A newly developed variation of laminoplasty techniques is the cervical microendoscopic laminoplasty (C-MEL). This endoscopic version has been developed as a MISST to minimize the destructive components of laminoplasties. Good clinical outcomes have been reported but the number of cases involved in the study was small to draw conclusions about the long-term efficacy and safety[35].
3.8. Split laminotomy and the“archbone”technique
The multilevel spinous process splitting and distracting laminotomy was primarily developed for adults to explore intramedullary spinal pathologies with the aim of preservation the anatomical integrity of posterior structures and spine stability[36,37]. Although, split laminotomy may also be an applicable procedure by decompression and moderate enlargement of the spinal canal in case of CMs. Leaving the muscle attachments intact and reducing postoperative complications, split laminotomy fulfils the requirements of MISSTs.
In midline posterior approach, the interspinous ligaments are dissected longitudinally and the ligamentum flavum is removed at the middle part. The spinous processes are split in the midline with an oscillating saw or craniotome then are separated and distracted with Cloward-type retractors. Preventing the fracture of the spinous process, gently forces may be applied for the retraction. Grafts or spacers can be placed between the bony parts of spinous processes facing each other to decompress and enlarge moderately the spinal canal (Figure 6). The method is similar to the placement of an ”archstone” into the arch of a vault in architecture, this theme was borrowed and modified to ”archbone” for surgery.
Figure 6. Intraoperative photographs show the separation and distraction of spinous processes with Cloward-type retractors (left) and the situation after placing spacers between the splitted spinous processes for moderate enlargement of the spinal canal (right).
The authors recommend split laminotomy and the“archbone” technique in cases which requires moderate enlargement of the spinal canal. The technique is an effective method for creating extra intraspinal space and decompression without signs of postoperative spineinstability or deformation but further studies are required to evaluate the limitations, long-term effectiveness and safety in the treatment of CM.
3.9. Microendoscopic stenosis decompression (MEDS)

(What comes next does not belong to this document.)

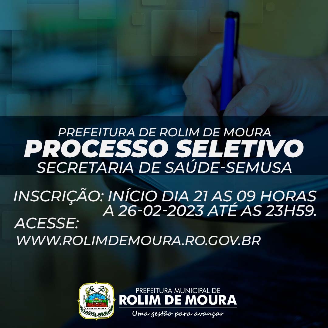 O Processo de seleção será realizado por meio de análise de Currículo, títulos e será de responsabilidade da Comissão designada pelo Decreto nº 056/2023. As inscrições serão feitas exclusivamente online no site da prefeitura de Rolim de Moura no período do 21 de fevereiro a 26 de fevereiro de 2023.
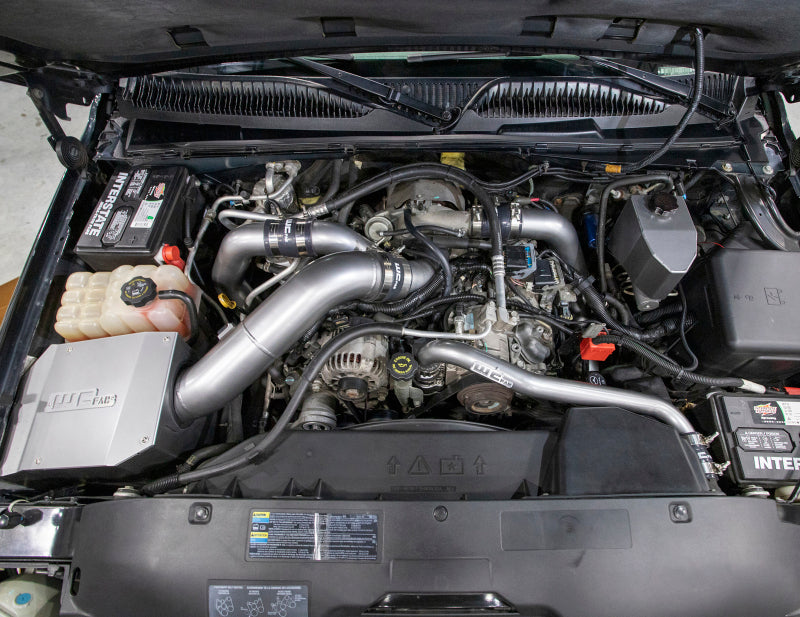 The Top Outlet Billet Thermostat Housing and Upper Coolant Pipe Kit for 2001-2005 LB7/LLY Duramax replaces the OEM upper radiator hose that normally crosses over the driver side valve cover as well as the coolant return pipe. By changing the coolant routing to an upwards and forward layout from the thermostat, this kit improves access to driver side fuel system components, adds room for larger aftermarket turbochargers, and updates engine bay appearance. Compatible with Single and Dual CP3 Pump setups. Finished in your choice of custom powder coat colors.

The technique is a newly developed modification of the dorsal laminoforaminotomy and an alternative posterior MISST for bony decompression caused by spinal stenosis. Reducing the dissection of muscles and preserving the stability of spine may offer better clinical outcomes and decrease the rate of postoperative pain and time of hospital stay. Postoperative kyphosis which is a common complication of traditional procedures can be prevented by avoiding the destruction of midline dorsal cervical tension band, muscular attachments and facet complexes. The authors recommended kyphotic deformities as contraindications of this method[38,39].
After positioning patients sitting, a guide wire is gently docked onto the bone on the required stenotic level under fluoroscopic guidance to avoid inadequate positioning. Placing initial dilators down to the lamina under fluroscopy is required to dilate the paraspinal musculature. The working channel is placed over the final dilator that is fixed with a table-mounted flexible arm. After removing the dilators, the endoscope is inserted into the working channel. The lateral aspect of the lamina and the base of spinous process are drilled away to perform foraminotomy and achieve adequate decompression. To visualize the contralateral part of the spinal canal, resection of the ligamentum flavum may be a helpful surgical step. Additional decompression can be performed on other levels with angulating the working channel cranially or caudally[38,39].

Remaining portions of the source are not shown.